Supreme Clientele 2

Ghostface Killah

Mass Appeal – 2025
par Ludo, le 15 septembre 2025
8

Pour un type né dans la deuxième moitié des années 90, écrire sur Ghostface Killah n’a probablement pas la même symbolique qu’une exégèse d’un hypothétique Yeezus 2 prévu pour les giboulées de 2038. Par ailleurs, même chez ses fans historiques, nombreux·ses sont celles et ceux qui ont arrêté de le suivre à la trace, tout en continuant de vénérer la Trinité Ironman / Supreme Clientele / Fishscale. Mais à l'occasion de la sortie du sequel tant attendu d'un des meilleurs albums de l'histoire du rap, n'importe quel zoomer fan de rap se doit de mettre sur pause ses écoutes autistiques de Playboi Carti pour se confronter au monde extérieur et enfin toucher de la pelouse. 

Passée une mise en bouteille à la lenteur excessive (il fut un temps question que Supreme Clientele 2 soit produit par Kanye West et sorte entre Donda et Donda 2), voilà que Nas, dans un arc intitulé Legend Has It... qu'on espère légendaire, sort sur Mass Appeal des nouveautés de lui-même, Raekwon, Mobb Deep, De La Soul, Big L, Slick Rick et donc le fameux Supreme Clientele 2 du Wally Champ. Mettre un 2, un 3 ou un 4 derrière un album qui a bien marché est une pratique courante dans le rap, beaucoup de gens l’ont fait (Jay-Z ne s’en est jamais privé), et aujourd’hui plus personne ne doit s’étonner de trouver que le huitième ou le neuvième opus est, contre toute attente, moins bon que le premier de la série (demandez aux fans de la saga Hellraiser, dont Inspechtah Deck, ils vous expliqueront).

Donc oui, Supreme Clientele 2 est objectivement moins bon et moins innovant que le premier du nom, mais ce nouvel album a le mérite de marcher dans les pas du premier tout en proposant quelque chose de différent, pas juste une suite fade et remplie de fan service qui dévoilerait un peu trop les ficelles de fabrication du précédent, en risquant même d'en fragiliser son aura. Au contraire, en composant ce nouvel album qui paradoxalement reprend certains morceaux datant des années 2000 restés jusqu’ici au placard, Ghostface fait un effort pour revenir à la lumière en ne négligeant pas son propre plaisir et en nous communiquant son enthousiasme particulièrement contagieux. En cela, nous pouvons parler d’un véritable retour en grâce, comme celui d’un pote plus vu depuis longtemps, qui illumine votre soirée de retrouvailles avec des anecdotes toutes plus farfelues les unes que les autres, des carabistouilles où il refait l’histoire en se présentant comme l'actuel plus gros kingpin de la ville ("Candyland"), le retour de ses obsessions pas piquées des hannetons (les Wallabees, la bouffe, la fumette, les comics, les grosses poitrines), et surtout une émotion qui déborde un peu partout et de manière imprévisible avec son lot d’épiphanies et de stream of consicousness tout droit sortis de son choxipeau magique ("Metaphysics"). Cette urgence dans la verve et dans le verbe se ressent dans les passages de l'album où il songe tour à tour à compléter sa descendance in front of the sea ("The Zoom") ou à s’assurer que son meilleur ami pensera toujours à lui en cas de décès prématuré (sur "You Ma Friend", peut-être en référence à son diabète qu’il combattait déjà à l’époque du premier Supreme Clientele).

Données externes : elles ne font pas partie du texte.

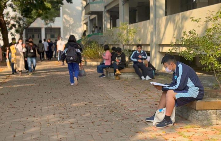 1月19日續考數學B、社會兩科,中山大學提醒考生攜帶有效證件應試,並勿攜帶手機入場。圖/中山大學提供、文/高培德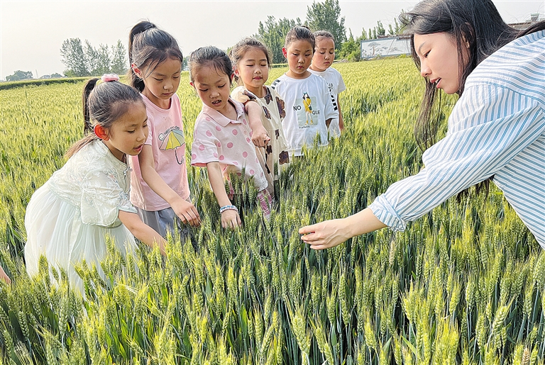 日前,蠡县蠡吾镇中心小学师生走进田间学习农作物知识。近年来,该校一直致力于二十四节气保护传承工作,以节气时序为轴构成“田间课堂+民俗节日+创意工坊”三位一体活动体系,努力为学生打造“可听、可视、可触”节气文化体验空间,营造沉浸式育人环境。2024年,该校成功立项《基于中华优秀传统文化二十四节气的小学思政育人路径研究》河北省教育科学“十四五”规划课题,进一步强化了节气文化在学校教育的整体推进作用,探索农村学校二十四节气文化与思政教育深度融合的创新路径。 张小超 摄

Et quel plaisir de l’entendre rapper aussi passionnément que sur le premier vrai morceau de l’album sobrement intitulé "Iron Man" où il nous démontre en filigrane qu’il n’a pas changé. À cet âge presque canonique pour une légende du rap (55 ans fieu), Pretty Toney peut également se faire plaisir en groovant à nouveau comme pas possible sur un morceau gangsta ("Georgy Porgy"). En effet, qu’est-ce qu’un énarque de Pitchfork qui avait défoncé en 2009 avec beaucoup de mauvaise foi ses arabesques popesques (le très RnB Ghostdini: The Wizard of Poetry in Emerald City, on y revient) pourrait encore lui dire ? Vous l’aurez compris, à l’instar de notre pote Simon qui avait écrit une lettre d’admiration à Gucci Mane lors de la sortie de Everybody Looking en 2016, loin de nous l’idée de jouer le trouble-fête en se concentrant sur les quelques fillers et interludes parfois d’un goût douteux qui rallongent inutilement la durée de cet album. Contentons-nous de célébrer le retour en grand forme et sous le feu des projecteurs d'un de nos rappeurs préférés et osons espérer qu’il en sera de même un jour pour Ye.